New research from CHILD and the Computational Genomics Laboratory at Queen’s University sheds light on how interactions between our genes and early-life environment impact our gut microbes and risk of asthma and allergies.
Published in The Journal of Allergy and Clinical Immunology (JACI), these new findings highlight the importance of considering human genomics in microbiome research—the study of how the microbes living in and on our bodies influence our health. This new research also identifies several early-life exposures that influence allergy and asthma risk, informing on potential early-life risk factors, which could help in the development of preventative interventions.
“Our study supports past research findings from CHILD and other studies revealing important associations between gut microbes and risk of developing asthma or allergies,” comments first author Sara Stickley, a PhD candidate in the Experimental Medicine program of the Department of Biomedical and Molecular Sciences at Queen’s University.
“Earlier CHILD research also demonstrated how environmental factors—like whether babies are born vaginally or by c-section, antibiotics use, or whether there are furry pets in the home—impact our gut microbiome.”
“Our new study is among the first to look at early-life influences on the infant gut microbiome through a genomics lens: adding the crucial consideration of our genetic predispositions to the puzzle.”

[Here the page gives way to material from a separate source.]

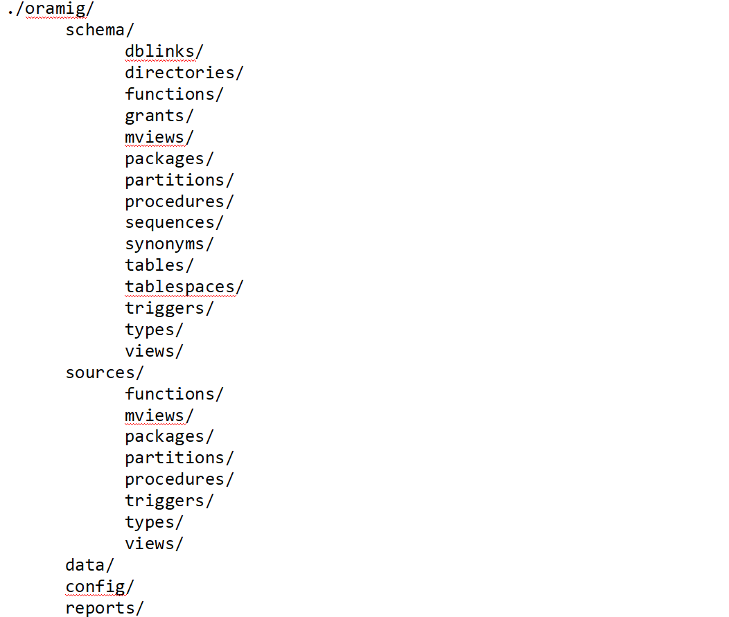 创建迁移项目后会在当前目录下生成oramig目录模板,如下所示。其中主要包含两个脚本export_schema.sh和import_all.sh,后续导出和导入即使用这两个脚本。schema和sources目录存放各对象的DDL语句,区别在于schema存放PL/SQL语法转化为PL/PGSQL后的语句, sources目录存放转化前PL/SQL的语句,data目录存放表数据文件,config目录包含配置文件ora2pg.conf,reports目录存放迁移报告。

For this study, researchers analyzed the bacterial content of stool samples taken from nearly 800 CHILD participants at 3 months and 1 year of age. Using a machine-learning algorithm, they identified clusters of correlated microbes in the stool associated with the development of asthma or allergic sensitivity by age 5 years. Participants were assessed for indications of asthma and allergic sensitivity at age 5 years through medical records as well as tests conducted by CHILD clinicians.
The researchers next performed genome-wide association studies (GWAS) to identify genomic variations associated with gut microbiota among the infants—focusing on those bacteria associated with asthma and allergy risk.
Then they analyzed how various environmental exposures during childhood potentially interact with genomic variations to influence gut microbiota of the infants. To do this, they used information CHILD had collected about environmental exposures from hospital records, questionnaires completed by the parents of participants when they were babies, and comprehensive assessments conducted in each family’s home.
“We were able to clearly identify gut microbes associated with respiratory and allergy-related outcomes, some of which differed between girls and boys,” states lead researcher Dr. Qingling Duan, a Queen’s National Scholar in Bioinformatics and head of the Computational Genomics Laboratory at Queen’s University. “And we were able to further link these microbes with the participants’ genomics and early-life environmental exposures.”
For example, they found that the gut bacterium known as Blautia obeum was associated with variants in the MARCO gene and a lower prevalence of food sensitizations among the children. They also found variants in the SMAD2 gene were associated with a cluster of gut bacteria implicated with asthma risk; however, this genetic association varied with breastfeeding duration among the infants.
These findings improve our understanding of the mechanisms by which genomic and environmental factors contribute to risk of asthma and atopic sensitizations, which could inform new strategies for prevention and treatment of such diseases in the future, the researchers note.
“It is a major challenge for health researchers to parse out all the genomic and non-genomic risk factors, their relative importance, and their interactions with each other,” adds Dr. Duan.
“We are tremendously fortunate to have a research platform like CHILD available to us, and to have families as generous as those involved in CHILD. Few studies have collected so much data over many years from such a large sampling of people, allowing us to conduct such innovative and nuanced studies of factors contributing to complex diseases.”